Online grocery shopping app BigBasket is now facing a new challenge as an aftermath of its data breach incident of 2020.
Massive BigBasket Data Breach:
Back in December 2020, BigBasket had made major headlines for suffering a data breach attack at the hands of the ShinyHunters hacker group.
At that time, it was reported that the customer data of BigBasket was stolen by the ShinyHunters hacker group and was put up for sale for Rs30 lakh.
And now, it is being allegedly disclosed that the ShinyHunters hacker group has posted the illegally acquired BigBasket customer data in a public hacker forum on the dark web.
Sensitive user data leaked by ShinyHunters:
Security experts analyzing the data breach have disclosed that the leaked post comprises a total of 3.25 GB of databases.
The database reportedly comprises personal data of over 20 million BigBasket users.

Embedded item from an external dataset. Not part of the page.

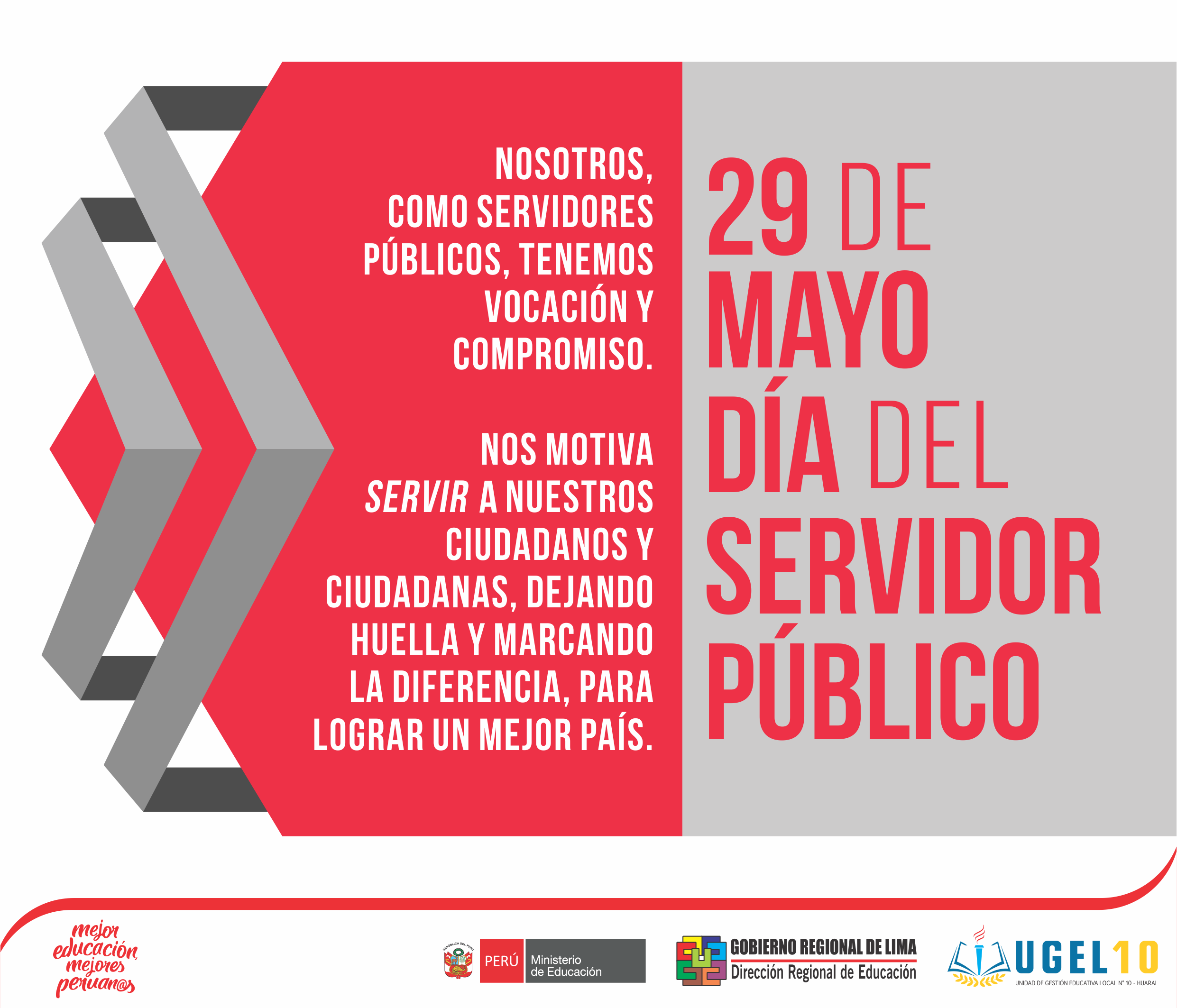 La directora de la UGEL 10 - Huaral, expresa su más cordial saludo a todos los trabajadores que laboran para el Estado, al celebrarse el 29 de mayo, el Día del Servidor Público.

The database was allegedly posted on a dark web forum on Sunday, April 25, and remains public at the time of writing this article.
This database contains vital, sensitive user data such as phone numbers, email IDs, private addresses, Date Of Births among other identifiers, and personal information.
It is especially concerning that this kind of data can be easily compromised to deploy identity theft attacks, malware attacks, ransomware attacks, stalkerware and spyware attacks, and other malicious attacks.
The ShinyHunters hacker group had formerly dispensed the stolen data for sale when the data breach had initially been disclosed back in December 2020.
Acknowledging the wide-scale data breach, the grocery shopping application organization had filed a first information report with the cyber police.
As far as alerting its customers, BigBasket is urging users to update their application details and credentials to mitigate any advanced cyber-risks.
The data breach is allegedly under investigation at the moment while the grocery shopping application organization is intending to adopt better security measures abhorring the data breach.